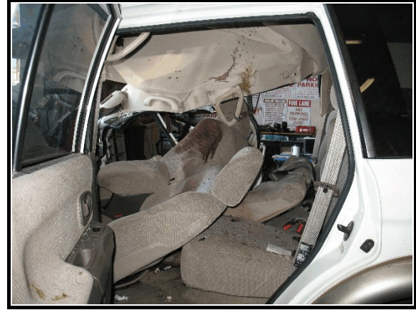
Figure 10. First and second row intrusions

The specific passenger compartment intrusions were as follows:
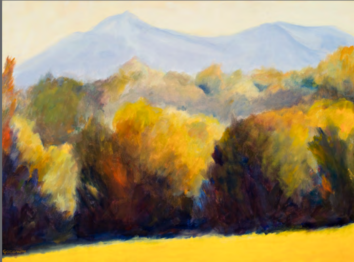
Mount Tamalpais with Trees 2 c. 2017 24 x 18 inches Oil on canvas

════

* _Problem to work on_
All the lines above are to be reproduced exactly, except the pictures.

* _Task response_
Figure 10. First and second row intrusions

The specific passenger compartment intrusions were as follows:
Mount Tamalpais with Trees 2 c. 2017 24 x 18 inches Oil on canvas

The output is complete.